(7 years, 4 months ago)
Lords ChamberMy Lords, before I start, I place on record that before speaking tonight I took counsel and guidance from the clerks—although from none of those who have been here tonight, so they can all relax—on whether there was any risk of me going sub judice on anything that I am about to say. They have assured me that there is not, for which I am grateful.
My subject is LIBOR and a sequence of four cases which have passed through the High Court in the last 18 months. There have been 15 prosecutions, five convictions, two cases where the juries have failed to agree and eight acquittals. We are now left with so many confusions and unresolved issues from this process and our parallel LIBOR market in Europe, called Euribor, is complaining so much that it may seek to shut us out and take the entire market, to our significant financial detriment. It is rather the reverse of the old Groucho Marx comment, “You wouldn’t join a club that would have you as a member”. We wish to remain in the club that does not want to have us as a member and this is a serious predicament.
The key issues are these. First, we are apparently at variance with the entire remainder of Europe, which has stated categorically that it will have no LIBOR prosecutions for any incident that occurred before 15 April 2013, as the new regulations came in on that date. All the prosecutions that we have seen go back as far as August 2006, so they would not have been relevant.
Secondly, the rest of Europe has been greatly upset by comments made by no less than the Lord Chief Justice in determining one of the appeal processes relating to these cases. He said that the bank’s positions in these LIBOR cases could have no link to the relevant indexes of the day when the deals were struck. That is not only fundamentally wrong; it is arrant nonsense, if I may be so bold. In any financial market, the bank’s position will always have a link to any index.

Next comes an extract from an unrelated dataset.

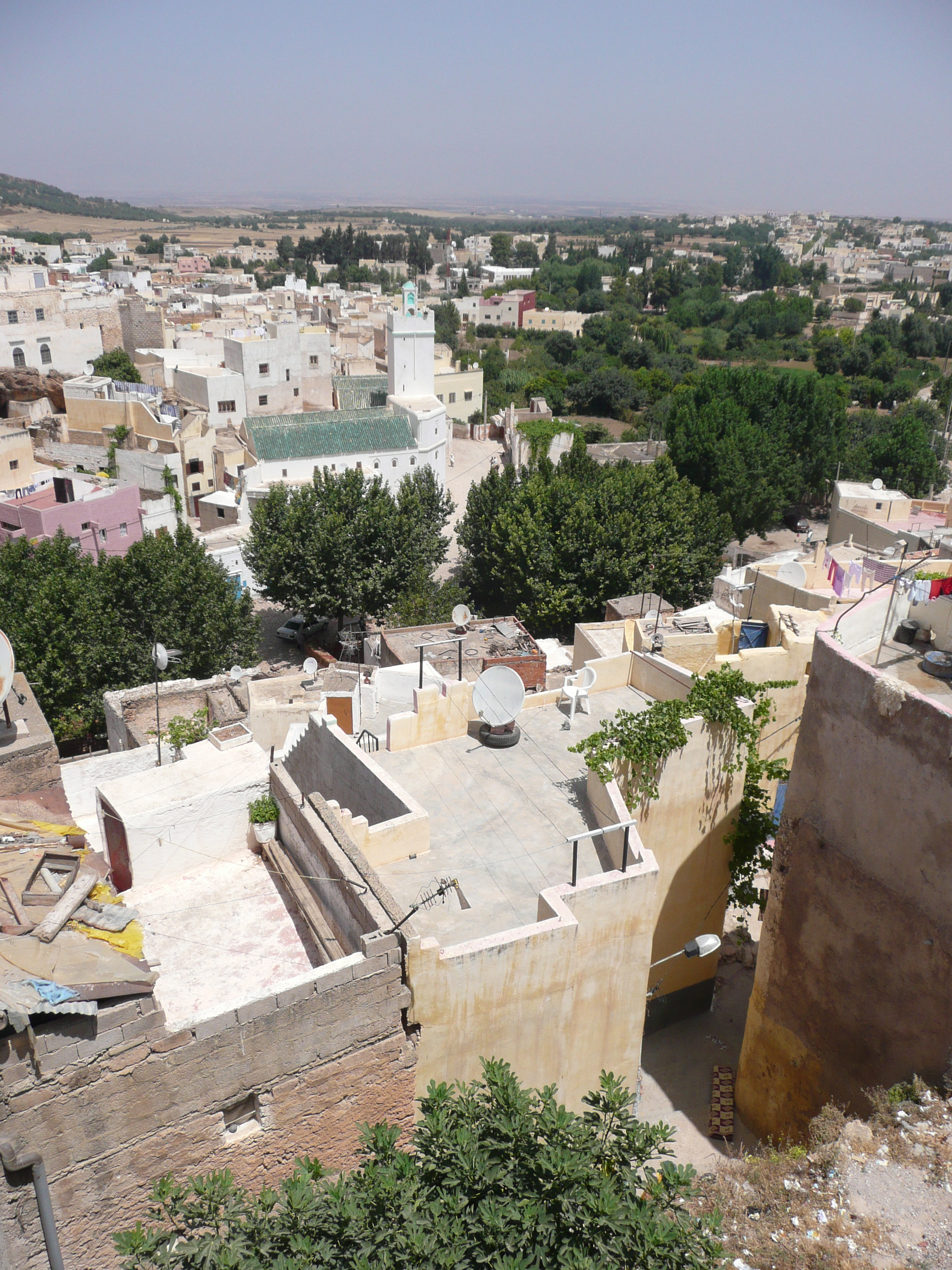 View of the town of Bhalil

A range of possible rates could apply. That point was accepted by the FCA in the extraordinary disciplinary process that it mounted and completed just a few weeks before the start of the LIBOR cases, all of which involved the UBS bank and particularly its principal LIBOR trader—a man called Tom Hayes. The FCA, quite reasonably—expecting that this case would produce some prosecutions—set out to prepare the way for a lifetime ban on the other UBS staff who had been working on LIBOR. In doing so, it first convened its disciplinary committee, consisting of five people and 15 expert advisers. It sat intermittently over a three-month period and came up with three absolutely critical conclusions.
The first was that all LIBOR, in contravention of what the prosecution was saying in these cases, was based on daily fixings in something acknowledged as “the range”, which limited the minimum and maximum spot fixings that could be achieved. Secondly, the committee confirmed that the range had been correctly applied throughout all the cases that had gone through UBS and that there was no sign of any dishonesty whatever in that process. Thirdly, it then looked at the rest of the situation and said that the senior executive to whom Mr Hayes had had to report his fixings each day had behaved perfectly correctly. It said that there was no question of his disqualification and all accusations were binned.
Given those circumstances, that would have been a hugely valuable piece of information to have passed into the jury’s knowledge. Indeed, the FCA sent a copy of its report of the proceedings to the Serious Fraud Office, asking that it be placed in the hands of the defence counsel for the trial. Three weeks into the trial, it was found that the SFO had never released the report, and it was never seen again. The judge refused to allow it to be submitted as late evidence and the jury accordingly convicted. Mr Hayes was sent to prison for 13 and a half years and a confiscation order for £1.8 million was passed upon him—it realised only £800,000 but we cannot win on all things. He has almost 10 and a half years of his sentence still to serve, but I am sure it is a great consolation for him to know that the FCA thought his boss perfectly innocent of any accusation in the process that has now lumbered him with slopping-out every morning as he ticks another day off his sentence.
Having started off trying to circumvent the trial process by going for a common-law prosecution—they could not do it under the LIBOR rules due to the European restriction—they then gave themselves the task that although it was a common-law prosecution, they had to recreate a knowledge of LIBOR in the minds of the jury to understand the whole process. The SFO, ever helpful in these matters, provided an expert witness. He was a great success, and ran through every trial. However, in the fourth trial, he broke down and confessed that he did not know the first thing about LIBOR, had never worked a day in the LIBOR market and had been given coaching by the SFO as to what to say to convince the jury—that is splendid British justice for us.
The new Government need to address three separate and vital LIBOR issues. First, as a matter of common justice they need to decide how we are going to sort out the mess we are in with this one. Secondly, we have to work out how we are going to amend the statute book and codes of practice to ensure that we are clean for the future. Thirdly, we have to get ourselves back into LIBOR permanently and stay there. If we do not, we are all going to hell in a handcart and nothing in our financial services market is going to save us. This is a real issue and we need to address it very urgently. I commend it to the attention of the incoming Government.